Soldier to Soldier Bracelets available

Written by ryan. Posted in Uncategorized


Published on March 08, 2011 with No Comments

by Carl Kurek

With this October marking the 10th year of the war in Afghanistan, Operation Enduring Freedom, the subject rarely makes headlines anymore. As a result, the fact  veterans of America’s most recent wars are coming home every can be easily overlooked.

One Afghanistan veteran, Stefan Hylleborg, came up with a stylish campaign that allows people to spread awareness about the struggles of returning veterans and raise funds to benefit them. That campaign, From Soldier to Soldier, was launched in December 2010 and is based on the sales of a designer version of a survival bracelet typically worn by many United States and allied soldiers serving in Iraq and Afghanistan.

The real survival bracelets worn by soldiers in the field are braided by the soldiers themselves using their parachute cord. If the situation calls for it, the bracelets can be unraveled and the parachute cord can be used for many purposes and they are also sometimes exchanged among soldiers as friendship bracelets, according to the campaigns Web site.

The site also claims that a uniform button is often sewn on and used as the clasp for the bracelet, and the clasped bracelet is said to symbolize the bond among soldiers that can never be broken.
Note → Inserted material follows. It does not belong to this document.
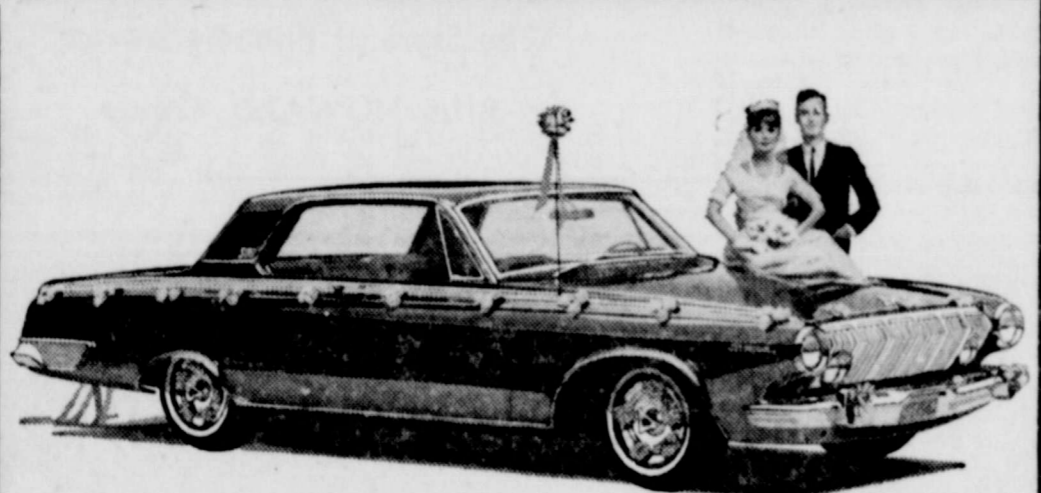
THE 1963 DODGE IS WARRANTED FOR 50,000 MILES

Each knot in the bracelet is sometimes seen as a symbol for a fallen soldier.

Just as silicone wristbands sporting millions of different messages and promoting millions of different causes boomed in popularity just a few years ago, From Soldier to Soldier bracelets are starting to get a reputation of their own and demand is starting to grow.

One local jewelry store decided to make it easier for area residents to add the bracelets to their wardrobe by selling the items from their location. The eState Jewelers Coins & Collectibles store in Portage became only the second location in the state to sell the bracelets on location. The choice to do so was an easy one according to Shannon Burhans of the family owned jewelry store.

“In our community in particular we felt this was something meaningful,” Burhans said referring to the personal connection to soldiers serving overseas that is so common in the area.

“We felt the line is neat, the story behind them is neat, and we felt they would just fit with us. We’re very active in the community and it just fits what we do.”

The price of the bracelets starts at $95 with $25 of that going towards the Homes for our Troops fund. The national not-for-profit organization, which began in 2004, is committed to helping soldiers who have returned home from war with serious disabilities and injuries by ensuring their home is fully accessible to them.

The organization picks up the tab on any costs not covered by the Veterans Administration Specially Adapted Housing Grant to ensure that the home of an injured or disabled veteran returning from action is completely altered for accessibility at no cost to the veteran.

The eState has sold four of the 12 bracelets they originally had at the store, and have several on special order for customers. The bracelets can be custom made according to size and are available in black, sand, navy and camouflage color.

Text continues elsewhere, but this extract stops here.